Cuatro años permaneció Alexander Selkirk en la actual isla de Robinson, situada en el archipiélago de Juan Fernández, en la costa central chilena. Fue abandonado por discrepancias con su capitán. En 1709 fue rescatado, regresó a casa y se casó, según unas cuantas crónicas tan difusas como un horizonte nublado en los mares del sur o la salida de una taberna portuaria del Amsterdam de Jacques Brel. Ocho años tardó en darse cuenta de que el verdadero naufragio consiste en echar el ancla lejos del mar y tratar de vivir de rentas y de una historia que, de tan real, iba a acabar por convertirse en monótona. Se embarcó en un navío de la Armada y murió cuatro años después, quizá de fiebre amarilla. Siglos más tarde, otra isla del mismo archipiélago chileno recibió el nombre de Selkirk. En 1719, Daniel Defoe publicó la historia de Robinson Crusoe, basada en su experiencia. En su supervivencia frente a la soledad, probablemente, el mayor terror de la sociedad moderna. El autor inglés insufló fantasía y vida a la odisea de Selkirk. La esculpió eterna y con gaviotas.
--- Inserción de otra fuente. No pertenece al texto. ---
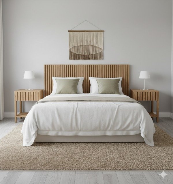 Combo Roma incluye un Respaldo varillado en madera Oregon con tinte color roble claro + 2 mesas de luz Roma.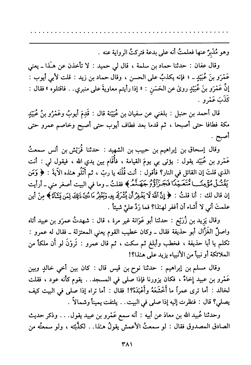 وقال عفان: حَدَّثَنَا حماد بن مسلمة، قال لي حميد: لا تأخذن عن هذا -يعني عَمْرَو بنَ عُبَيدٍ-؛ فإنَّه يكذبُ على الحسن، وقال حماد بن زيد: قلت لأبي أَيُّوب: إن عَمْرَو بنَ عُبَيدٍ روى عن الحَسَنِ: "إذا رأيتم معاويةَ على منبري .. فاقتلوه" فقال: كَذَبَ عَمْرو.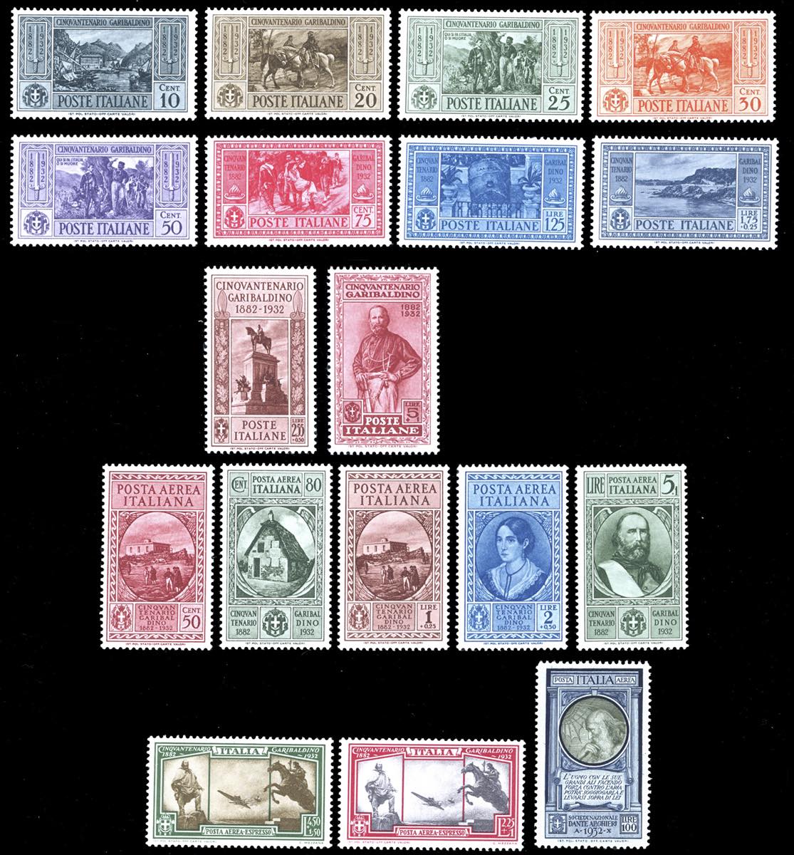 1932 - Garibaldi, serie completa con 100 lire posta aerea (315/324+A32/A38+A41), gomma originale integra, perfetti. Molto belli. Ferrario.

Los naufragios, aunque solo consistan en el susto de encallar a un palmo de la orilla, en plena escollera de Dénia, son la única literatura posible, como todos los cuentos del mar y sus vientos y sus puertos y sus lontananzas y sus monstruos blancos y sus motines y sus marineros polacos que se convierten en Joseph Conrad y escriben en inglés. Una vez pasado el susto, con todos los pasajeros a salvo, un accidente naviero puede ser un gran relato de periódico. Sucedió, hasta la extenuación, con el Costa Concordia, aquel crucero que se hundió con desgana y solo hasta el ombligo en 2012. Sucede con el ferry Pinar del Río, una embarcación de nombre berlanguiano que se dibujó un siete en el casco cuando en la capital de la Marina Alta estaban a punto de lanzar un castillo de fuegos artificiales. Lo mejor de un naufragio es encontrar uno de sus restos en la orilla, al día siguiente, cuando la tormenta ya ha despejado y solo queda el eco de la tragedia. El resto es intendencia. Legalidad y desguaces. Hasta que llega el esplendor.
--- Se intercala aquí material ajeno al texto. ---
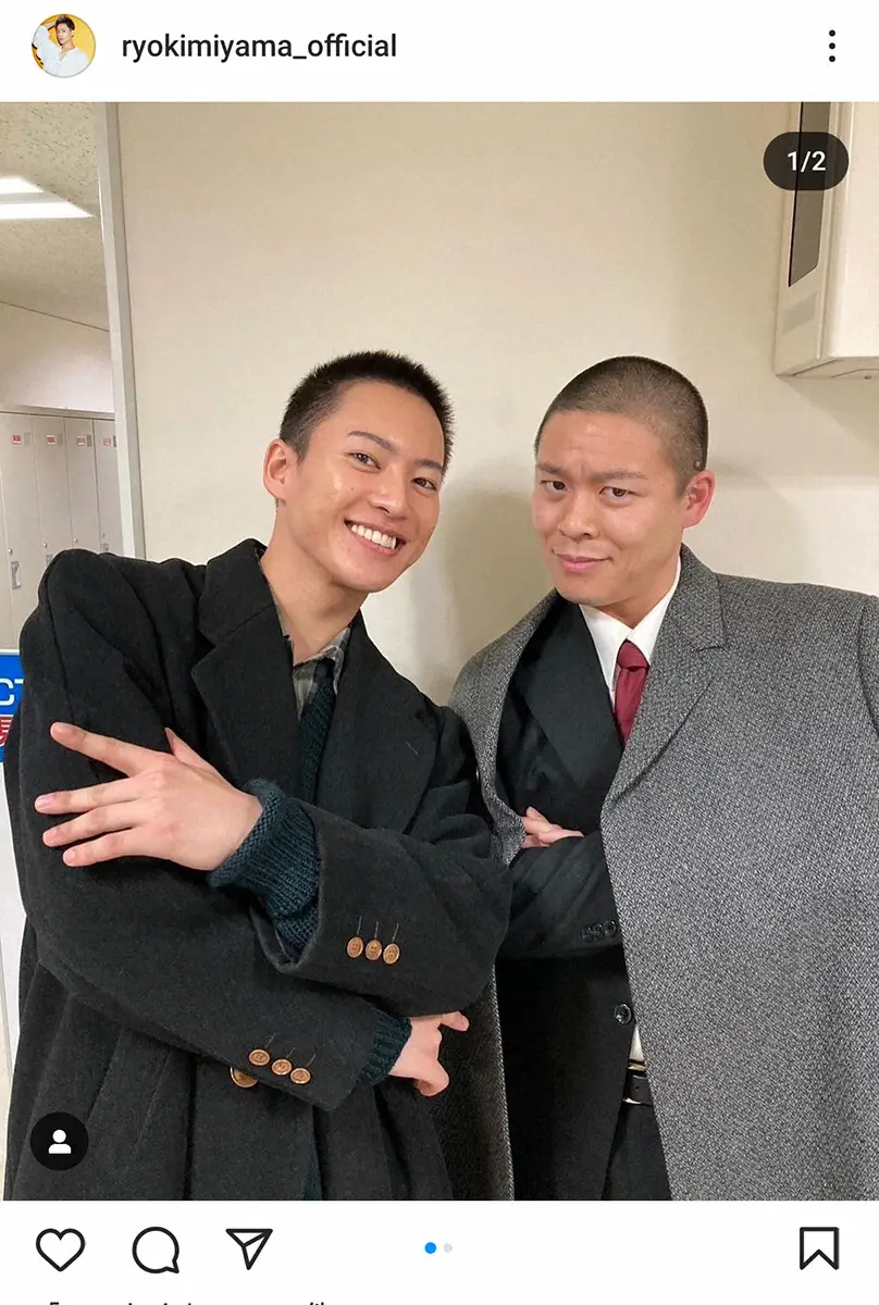 15日夜には松川が自身のインスタグラムに「凌輝は撮影で初めてお会いしてからすぐに意気投合!!直明と同様、キラキラしてて本当にいいブラザーです」と投稿していたが、三山はこれを受けて「ちなみにこれはブラザーというより、仏さまーてす。ほんとにそこまで丁寧にいつも言葉を紡いでくれる方がおりますかってくらい凄く向き合って優しく素敵な言葉をかけてくれるそんなお方です」と松川の人柄を紹介。「初めて猪爪家から飛び出して新しいシーンでの環境での撮影だったからドキドキしてたけどこんな出会いやそんな出会いもあり皆優しくて喜びに溢れる現場になりやした」と続けた。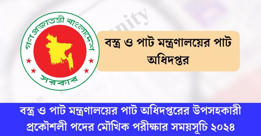 বস্ত্র ও পাট মন্ত্রণালয়ের পাট অধিদপ্তরের উপসহকারী প্রকৌশলী পদের মৌখিক পরীক্ষার সময়সূচি ২০২৪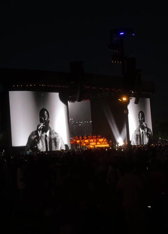 A dark, shaky, wide shot shows a crowd of people facing a concert stage. On either side of the stage is a large, flat screen with a black-and-white image of a man wearing a fuzzy jacket and tie, holding a microphone. The man on the screen is the apparent performer. In the center of the stage is a raised platform with other performers, illuminated by orange lights. A tower with a blue light is visible above the stage. The crowd is mostly silhouetted against the bright stage lights. There is some movement and activity in the crowd, suggesting they are enjoying the performance.

Ayer, el director de esta casa, Miquel González, publicaba que la empresa propietaria del barco, Baleària, ha borrado todo rastro de su nombre, mientras intentan decidir qué es lo que hacen finalmente con el esqueleto de ballena metálica y desnortada que no puede convertirse en una atracción más de la costa dianense, porque no haría más que contaminar. Se convierte así la cosa en un naufragio del siglo XXI. Aún no se saben las circunstancias que llevaron a la nave a tatuarse la escollera con 70 vehículos y casi 400 pasajeros a bordo, casi como en el deslumbrante desenlace de El show de Truman. Pero la posibilidad de aparecer en los selfies de Instagram con la marca flotando al nivel de la cintura no es asumible para ninguna empresa que pretende seguir embarcando ulises de fin de semana. Y menos cuando la mayoría de ellos desconoce quién es Circe. Ha hecho bien Baleària. Los restos de un naufragio son como Las Meninas, un cortometraje al que sólo le falta enchufarlo a la corriente continua de la imaginación. Y nadie estaría dispuesto a que nos patrocinaran el cuadro de Velázquez. De momento.